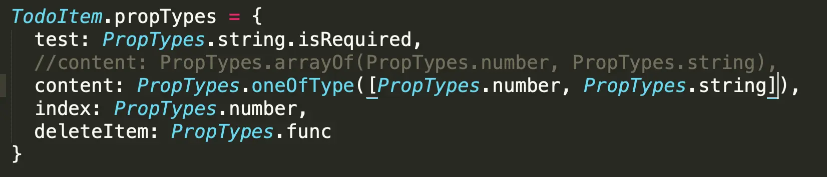 - oneOfType()表示输入的内容是number或者string,参数以数组的形式给出 \
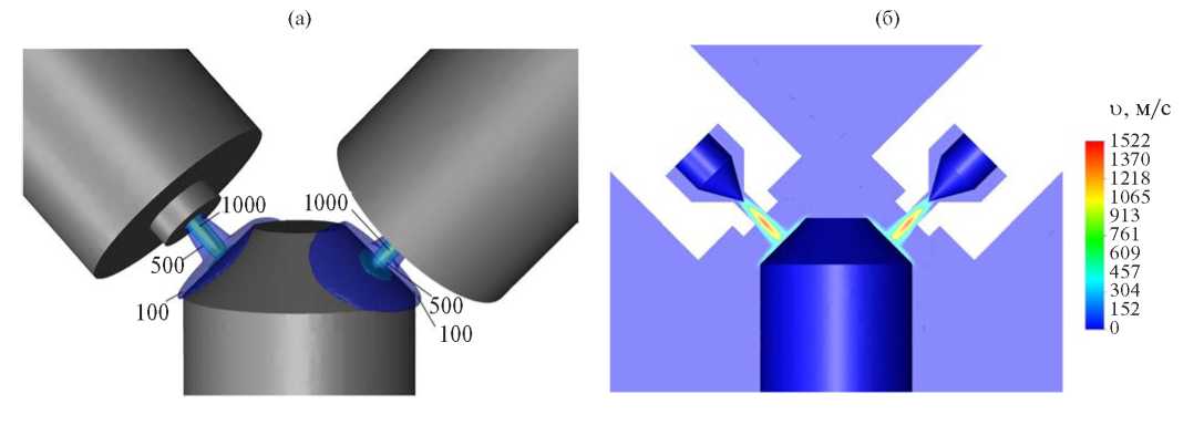 Рис. 3. Скорость плазмы в базовом режиме работы (I = 200 А, G = 0.8 г/с): (а) – трехмерное распределение (в м/с); (б) – двухмерное распределение в центральном сечении.
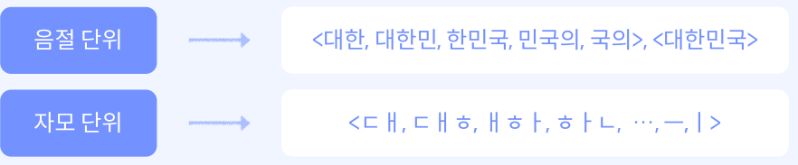 한국어는 글자나 자모음 단위로 나누어 적용할 수 있다,
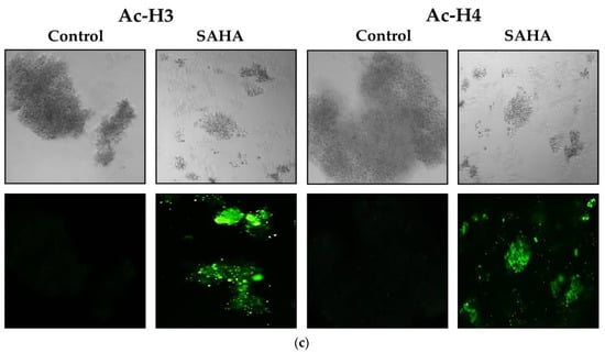 In regard to the acetylated histone levels in cells growing as spheroids, we were able to obtain results similar to the A2780 cells that were growing as monolayers. As shown in Figure 8b,c, after SAHA treatment, we were able to observe high levels of acetyl H2A, H2B, H3, and H4 in almost all the cells that had formed spheroids.
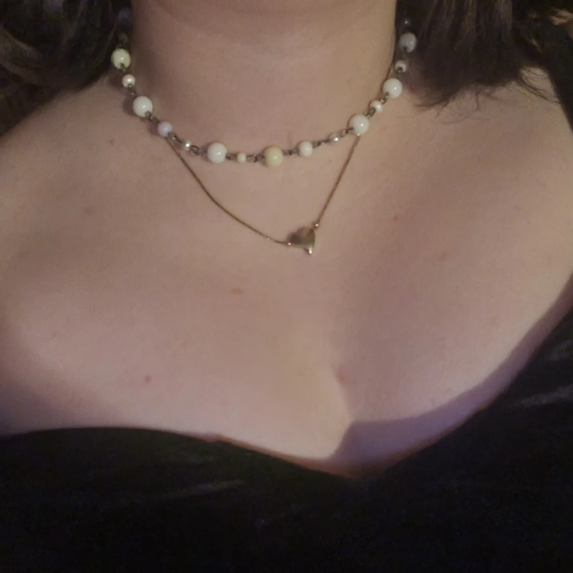 Pärlhalsband i pastellfärger. Pärlorna är i plast.
------------------------------------------------------------
Work to be completed:
Please retype every record shown above, exactly as written, but without pictures.

Response to the exercise:
 - oneOfType()表示输入的内容是number或者string,参数以数组的形式给出 \
 Рис. 3. Скорость плазмы в базовом режиме работы (I = 200 А, G = 0.8 г/с): (а) – трехмерное распределение (в м/с); (б) – двухмерное распределение в центральном сечении.
 한국어는 글자나 자모음 단위로 나누어 적용할 수 있다,
 In regard to the acetylated histone levels in cells growing as spheroids, we were able to obtain results similar to the A2780 cells that were growing as monolayers. As shown in Figure 8b,c, after SAHA treatment, we were able to observe high levels of acetyl H2A, H2B, H3, and H4 in almost all the cells that had formed spheroids.
 Pärlhalsband i pastellfärger. Pärlorna är i plast.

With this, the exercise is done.